Greiners Stellungnahme zur Arbeit Erismanns in diesem Heft und Burdas Kommentar zur Arbeit von 2016 beinhalten im Grunde dieselbe Kritik, nämlich die Problematik der Selbstreflexion ohne äusseren Bezugspunkt. Der fehlende archimedische Punkt ist grundsätzlich ein Problem jeder Wissenschaft, was in der Psychotherapie besonders sichtbar wird. Der Konstruktive Realismus versucht dieses Problem abzumildern, indem er bestimmte Punkte unterschiedlicher Verfahren miteinander ins Verhältnis setzt und gleichsam Punkte untersucht, die das Potenzial haben, sich gegenseitig «aus den Angeln zu heben». Ob sich die «Katze hier nicht auch in den eigenen Schwanz beisst», muss jedes Mal untersucht werden, da die Psychotherapieschulen nicht unabhängig voneinander entstanden sind und historisch gemeinsame Wurzeln haben (vgl. Tschuschke et al., 2016).
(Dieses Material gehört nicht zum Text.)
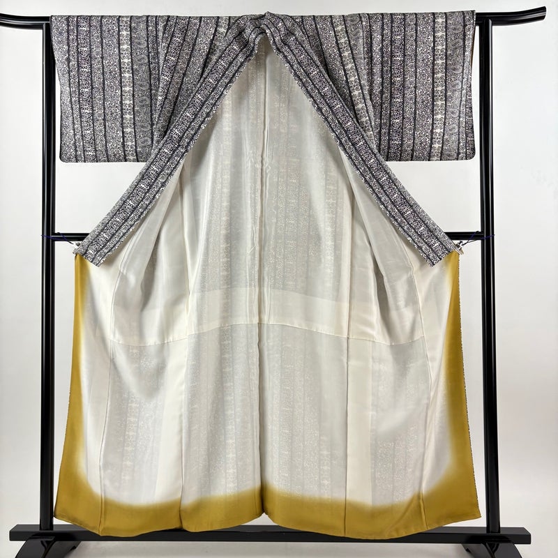 【着物ランク】秀品 【素材】正絹 【身丈】約156.5cm 【裄丈】約64cm 【袖丈】約45.5cm 【袖幅】約33cm 【前幅】約24.5cm 【後幅】約28.5cm 【サイズ】M 【着物仕立て】袷 【着用時期】10~5月 【状態ランク】ランクB 【着物着用シーン】気軽なパーティー、観劇、食事会、正月、気軽なお茶会、街着
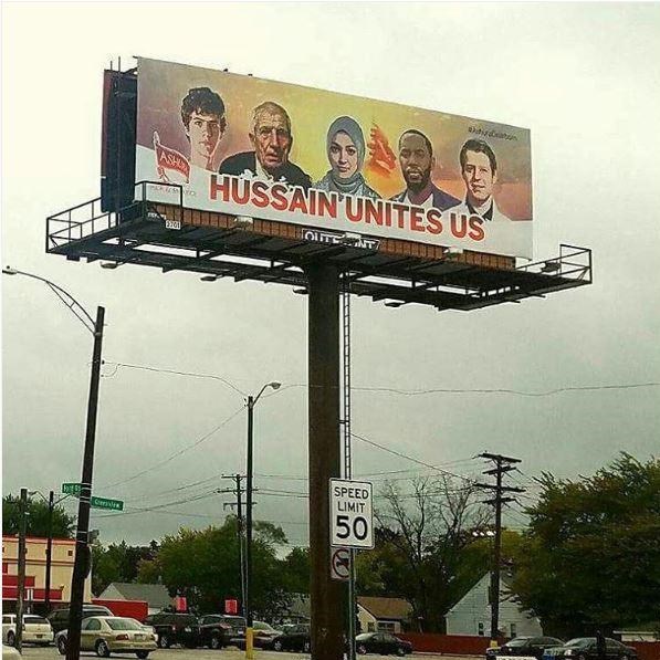 امسال در اقدامی فرهنگی شیعیان در امریکا اقدام به طراحی بیلبوردهایی با محتوای «HUSSAIN UNITES US» کرده اند. این بیلبوردها که سطح ایالات کشور امریکا به نمایش درآمده است. تصاویر مسلمانان با نژادهای مختلف را نشان می دهد که از عشق به امام حسین (ع) گرد هم میآیند و حرکات سیاسی و مذهبی مهم انجام میدهند.

Für Burda stellt sich bei der Auseinandersetzung mit der Arbeit Erismanns die Frage, ob es um eine eigenständige wissenschaftliche Disziplin gehe oder darum, was Psychotherapie unter Wissenschaft versteht bzw. wie sie sich selbst als Wissenschaft erfasst. Erismann meine wohl Letzteres, dass Psychotherapie nicht nur ein spezifisches Heilverfahren, sondern auch eine Wissenschaft sei; dies aber nicht in einem allgemeinen theoretischen Sinn, wo das Subjektive, Individuelle und Widersprüchliche im Vergleich mit allgemeinen wissenschaftlichen Kriterien wie Objektivität, Überprüfbarkeit und Intersubjektivität eingeschätzt werden müsste.

Burdas eigene Gedanken gehen in die Richtung, dass jeder Wissenschaft eine inhärente Selbstdifferenzierung eigen sei und sie prinzipiell nicht ohne subjektiven Faktor auskomme. Am Beispiel der Geschichte der Wissenschaftstheorie zeigt er auf, dass beides der Fall sei. Für ein allgemeines Verständnis von Wissenschaft sei es relevant, dass dies in Betracht gezogen werden muss, auch wenn es darum geht, einen relevanten Wissenschaftsbegriff für die Psychotherapiewissenschaft zu formulieren.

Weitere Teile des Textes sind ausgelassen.